# [SOLVED] Adobe Reader dla Gentoo

## Xywa

Witam,

Od kilku tygodni mam problem z odczytaniem plików pdf z mojego banku (przez lata było OK). Wygląda na to jakby najważniejsza część wyciągu była niewidzialna i nic nie moŋe zobaczyć. Są nagłówki, pare innych rzeczy ale główna treść nie istnieje (jest tylko szare tło pod).

Używam Okular wersji 0.9.5, mój bank twierdzi że powinienem używać Adobe Reader wersji powyżej 8.0.

Nie wiem co zrobić, bo nie mogę znaleźć Adobe Readera pod Gentoo, choć na stronie Adoba są binarki pod linuxa w wersji 9.3.2. Czy mam sciągnąć te binarki i je zainstalować? Będzie to działało po Gento? Czy może mam używać innego czytnika .pdf? Próbowalem otworzyć ten plik za pomocą Gimpa, ale tam też brakowało tekstu.

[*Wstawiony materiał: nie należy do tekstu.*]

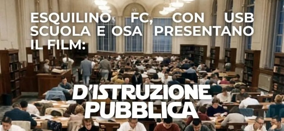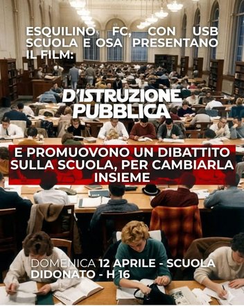 Le controriforme di matrice ordoliberista, che mirano all’aziendalizzazione della scuola e al contestuale annichilimento della sua funzione critica, sono al centro della pellicola. Per questo l’Esquilino FC, con Usb Scuola e Osa hanno deciso di riproporla e di invitare a discuterne le tesi, anche a partire da punti di vista differenti, nel tentativo di proseguire un confronto che - anche se non giungerà a una sintesi definitiva, e anzi è pronto a rilanciare e darsi prossimi momenti - consenta un passo avanti nell’azione di contrasto a tale pericolosa deriva.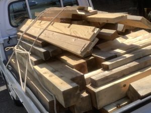 HOME > ブログ > ブログ 全て たくさん‼️ 2025/09/06 いつもお世話になっている S建設さんから 大量の建築廃材を いただいて来ました 柱材が一杯です‼️ 冬季、工房の薪ストーブ用になります -ブログ, 全て

A może podczas ścigania .pdfa za pomocą Mozzilli coś śię źle generuje? Gdy próbuje wejść na stronę z wyciągami za pomocą Opery, podstrona zwyciągami się nie otwiera (jest komunikat: spróbuj później) - czyli działa to tylko na Mozilli. Nie chcę sprawdzać tego pod Windowsem, bo to w końcu konto bankowe.

Macie jakieś pomysły?Last edited by Xywa on Wed May 19, 2010 2:46 pm; edited 1 time in total

----------

## SlashBeast

Sprawdz przez google docs, jak tam zadziala to poszukaj moze innego readera pdfow, ja uzywam kpdf (z kde-sunset).

----------

## gnhorn

 *Xywa wrote:*   

> 
> 
> Nie wiem co zrobić, bo nie mogę znaleźć Adobe Readera pod Gentoo...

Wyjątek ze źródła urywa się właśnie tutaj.